The three moss collectors are not present in the Danish version. The moss collectors, earning their way by selling moss (for isolation, one presumes) and then spending their income on booze, serves as a kind of greek chorus in the film, and relates the background of Thorvald the driver. When he feels the community does not need him anymore, he yields to their wish and follows them to their "natural habitat" in the most reclusive part of the area. The three collectors talk and act as one, as two of them just repeat the words of the leader.

===Language===
The Norwegian version leans strongly on Eastern Norwegian dialect, somewhere between the old Oslo dialect and the closely related tongue of Romerike, which is the location of the film. The only person to speak regular bokmål is the antagonist, the county clerk (and some members of the council, equally sceptical until they are set straight). This language trait is lost in the Danish version.

===Literary reference in the film===
The bus driver is seen in his humble home, reading a passage about the greek philosopher Diogenes. As he reads, (sitting on a barrel and wearing a towel), he identifies himself with this philosopher, and relates his own version of Diogenes's words in his meeting with Alexander the Great: "Move aside, so that the sun may shine on me". He states that he would like to meet this man.

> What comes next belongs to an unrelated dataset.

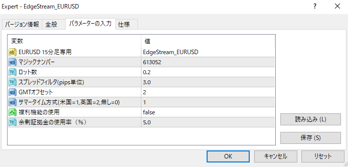 初期値は3pipsですが、スプレッドの広い口座では動作しないため、確認お願いします。

Kaja, the girl Thorvald/Martin cares for, is rehearsing a poem for her homework. In the Norwegian version, this poem is written by Bjørnstjerne Bjørnson, while her Danish counterpart recites a known Christmas hymn by the Danish national poet N. F. S. Grundtvig.

===Notes on actors===
Lalla Carlsen and Leif Juster had already a long experience on working together at stage at this point, acting together in the comedic variety shows in Oslo since before World War II.

While playing completely opposite roles in their respective films, Ove Sprogøe and Arve Opsahl both made a career as the same character some years later, namely Egon Olsen of the Olsen Gang.

===The bus===
The bus used in the Norwegian version, driven by Juster, is a 1924 model Berliet with Norwegian built coachwork from A/S Skabo on a type CBOE chassis. It was originally used by the company A/S Ekebergbanen, from 1928 as a reserve and it was taken out of traffic in 1931. After being used in the film it was placed in a museum, since 1983 at the Sporveismuseet(Railroad museum) at Majorstuen, Oslo. In 2013 it was made driveable again and exhibited at an arrangement that took place in Oslo June 2013.